[Goal of the exercise] Copy every line of the data exactly, keeping out any picture.

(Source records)
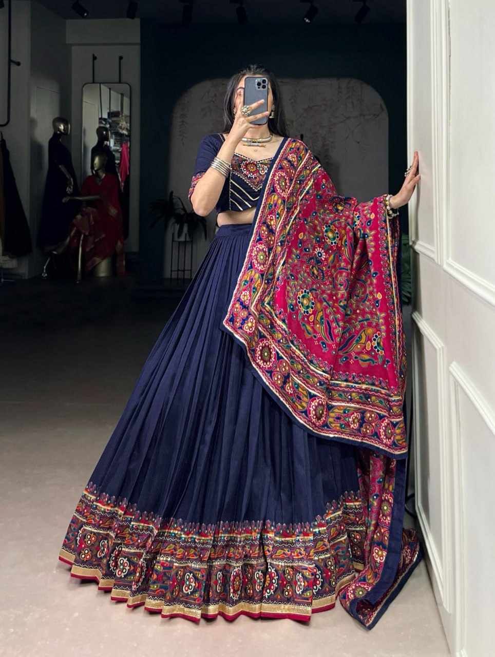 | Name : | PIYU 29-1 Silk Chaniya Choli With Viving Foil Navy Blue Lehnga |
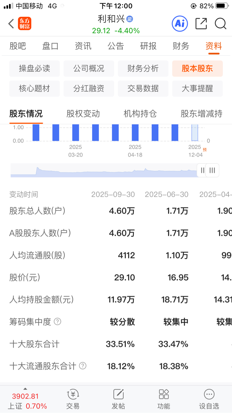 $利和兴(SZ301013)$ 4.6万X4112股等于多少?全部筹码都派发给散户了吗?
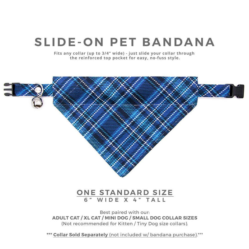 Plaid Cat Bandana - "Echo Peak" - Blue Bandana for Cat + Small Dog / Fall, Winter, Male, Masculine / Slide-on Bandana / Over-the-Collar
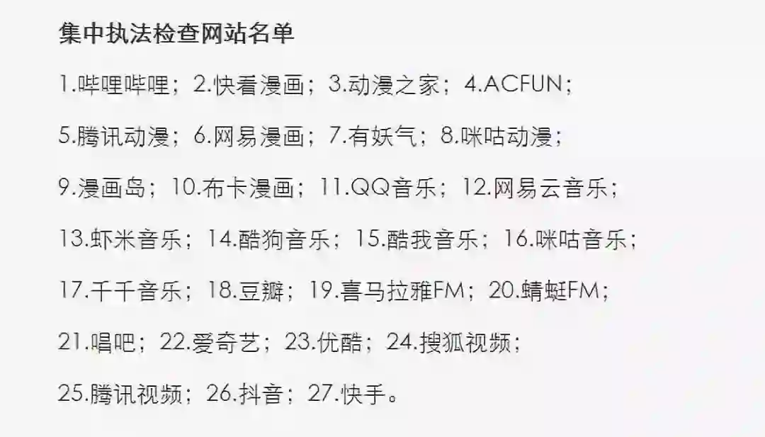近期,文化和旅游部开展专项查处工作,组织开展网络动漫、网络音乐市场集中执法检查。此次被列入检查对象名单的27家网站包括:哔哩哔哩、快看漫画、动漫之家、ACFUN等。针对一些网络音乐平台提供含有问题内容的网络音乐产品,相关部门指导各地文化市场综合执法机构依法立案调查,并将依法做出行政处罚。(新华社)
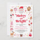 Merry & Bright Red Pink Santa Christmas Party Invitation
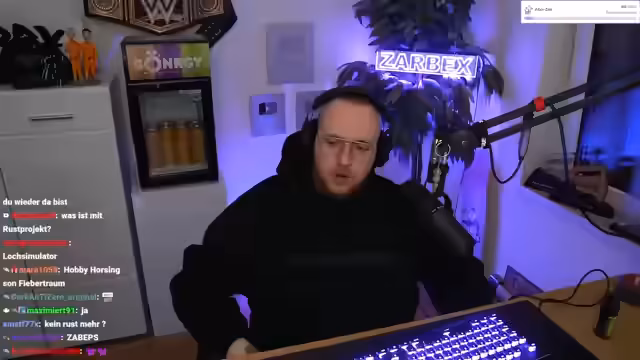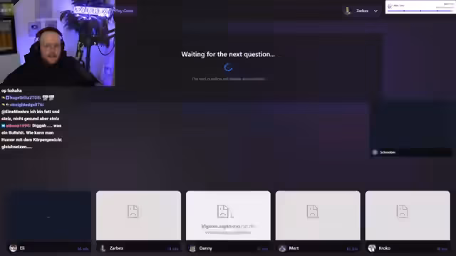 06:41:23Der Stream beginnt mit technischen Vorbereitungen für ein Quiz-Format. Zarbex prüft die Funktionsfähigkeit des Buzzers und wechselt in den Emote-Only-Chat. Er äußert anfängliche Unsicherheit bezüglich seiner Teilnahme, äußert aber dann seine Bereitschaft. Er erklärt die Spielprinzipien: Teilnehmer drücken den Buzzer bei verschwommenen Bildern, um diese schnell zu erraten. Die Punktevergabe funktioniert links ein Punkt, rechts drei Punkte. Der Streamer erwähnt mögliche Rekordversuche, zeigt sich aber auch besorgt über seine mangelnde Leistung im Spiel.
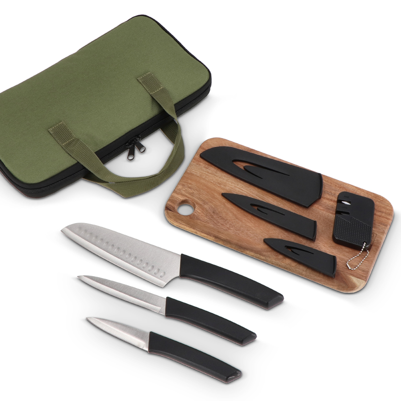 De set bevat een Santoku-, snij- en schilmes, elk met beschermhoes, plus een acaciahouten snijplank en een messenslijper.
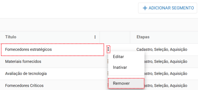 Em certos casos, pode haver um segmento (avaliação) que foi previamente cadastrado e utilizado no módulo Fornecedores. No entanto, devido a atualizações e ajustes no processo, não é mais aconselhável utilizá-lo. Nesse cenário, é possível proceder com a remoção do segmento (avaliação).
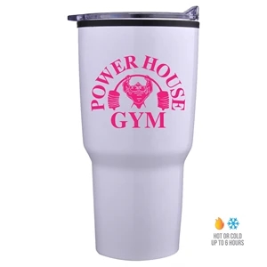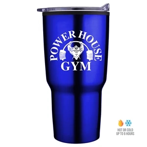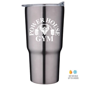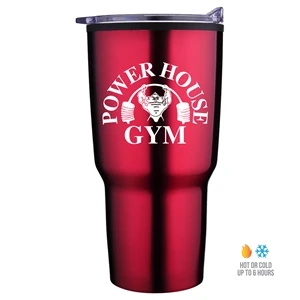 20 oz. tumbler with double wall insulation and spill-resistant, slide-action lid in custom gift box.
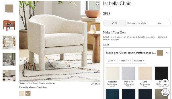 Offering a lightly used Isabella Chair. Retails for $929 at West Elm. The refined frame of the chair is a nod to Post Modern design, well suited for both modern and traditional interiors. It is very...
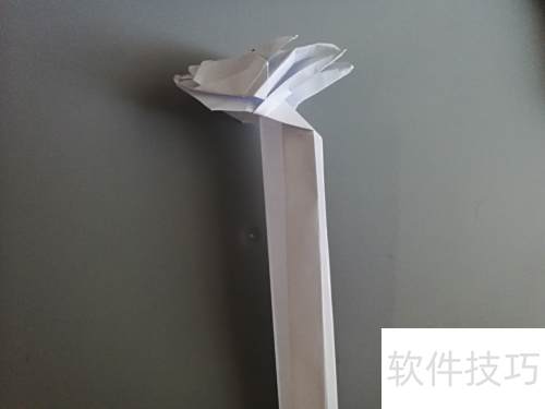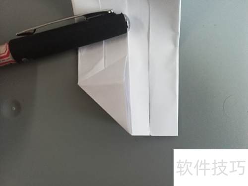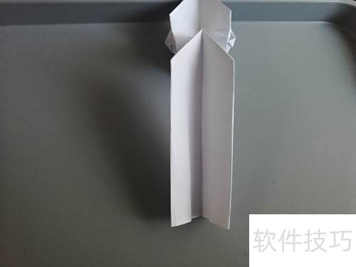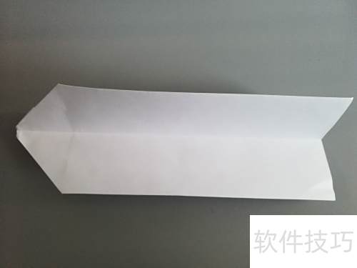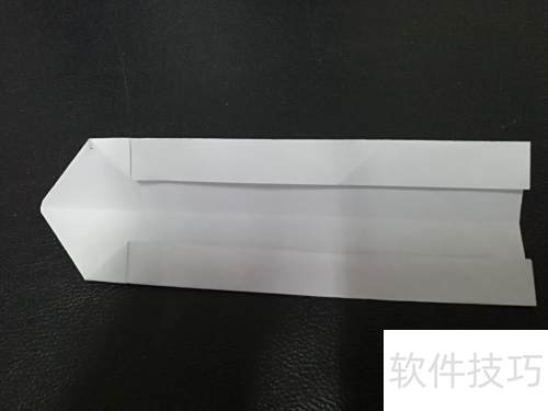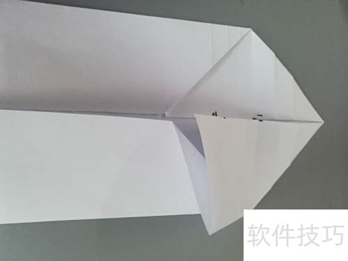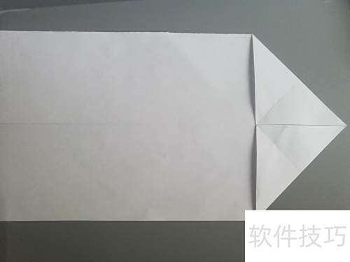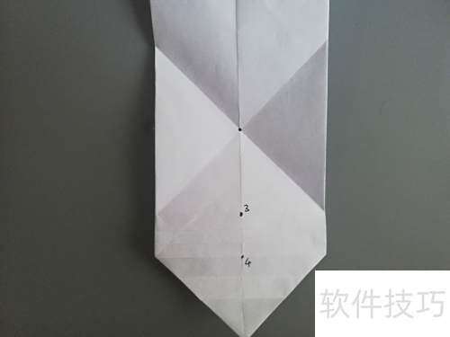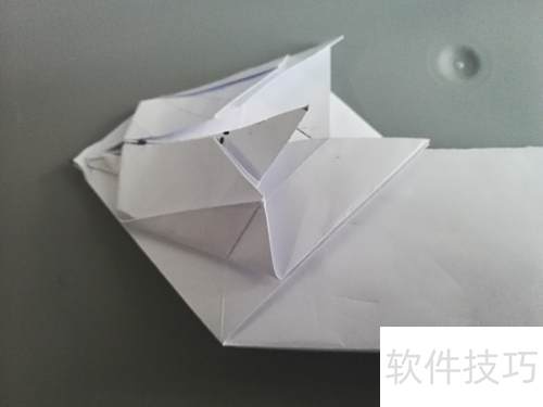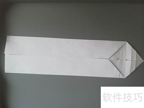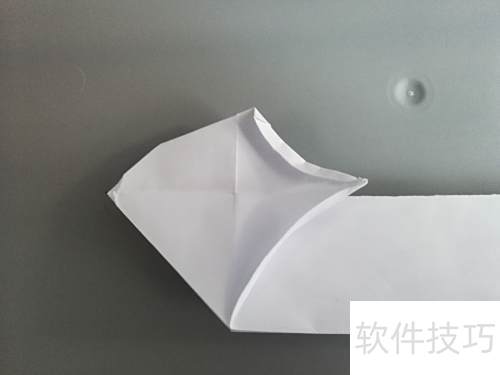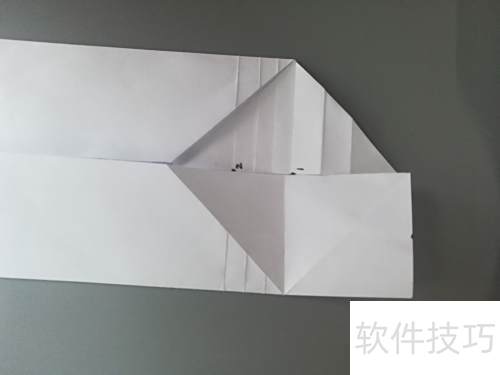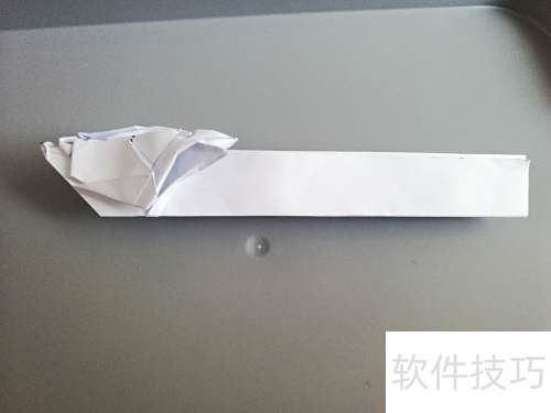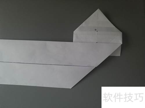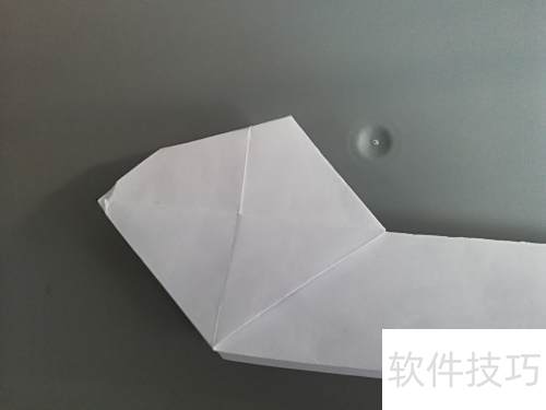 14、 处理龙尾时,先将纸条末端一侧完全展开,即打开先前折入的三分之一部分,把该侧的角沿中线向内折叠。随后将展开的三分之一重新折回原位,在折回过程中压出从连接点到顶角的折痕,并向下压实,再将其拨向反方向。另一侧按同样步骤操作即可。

[Response to this exercise]
 | Name : | PIYU 29-1 Silk Chaniya Choli With Viving Foil Navy Blue Lehnga |
 $利和兴(SZ301013)$ 4.6万X4112股等于多少?全部筹码都派发给散户了吗?
 Plaid Cat Bandana - "Echo Peak" - Blue Bandana for Cat + Small Dog / Fall, Winter, Male, Masculine / Slide-on Bandana / Over-the-Collar
近期,文化和旅游部开展专项查处工作,组织开展网络动漫、网络音乐市场集中执法检查。此次被列入检查对象名单的27家网站包括:哔哩哔哩、快看漫画、动漫之家、ACFUN等。针对一些网络音乐平台提供含有问题内容的网络音乐产品,相关部门指导各地文化市场综合执法机构依法立案调查,并将依法做出行政处罚。(新华社)
 Merry & Bright Red Pink Santa Christmas Party Invitation
 06:41:23Der Stream beginnt mit technischen Vorbereitungen für ein Quiz-Format. Zarbex prüft die Funktionsfähigkeit des Buzzers und wechselt in den Emote-Only-Chat. Er äußert anfängliche Unsicherheit bezüglich seiner Teilnahme, äußert aber dann seine Bereitschaft. Er erklärt die Spielprinzipien: Teilnehmer drücken den Buzzer bei verschwommenen Bildern, um diese schnell zu erraten. Die Punktevergabe funktioniert links ein Punkt, rechts drei Punkte. Der Streamer erwähnt mögliche Rekordversuche, zeigt sich aber auch besorgt über seine mangelnde Leistung im Spiel.
 De set bevat een Santoku-, snij- en schilmes, elk met beschermhoes, plus een acaciahouten snijplank en een messenslijper.
 Em certos casos, pode haver um segmento (avaliação) que foi previamente cadastrado e utilizado no módulo Fornecedores. No entanto, devido a atualizações e ajustes no processo, não é mais aconselhável utilizá-lo. Nesse cenário, é possível proceder com a remoção do segmento (avaliação).
 20 oz. tumbler with double wall insulation and spill-resistant, slide-action lid in custom gift box.
 Offering a lightly used Isabella Chair. Retails for $929 at West Elm. The refined frame of the chair is a nod to Post Modern design, well suited for both modern and traditional interiors. It is very...
 14、 处理龙尾时,先将纸条末端一侧完全展开,即打开先前折入的三分之一部分,把该侧的角沿中线向内折叠。随后将展开的三分之一重新折回原位,在折回过程中压出从连接点到顶角的折痕,并向下压实,再将其拨向反方向。另一侧按同样步骤操作即可。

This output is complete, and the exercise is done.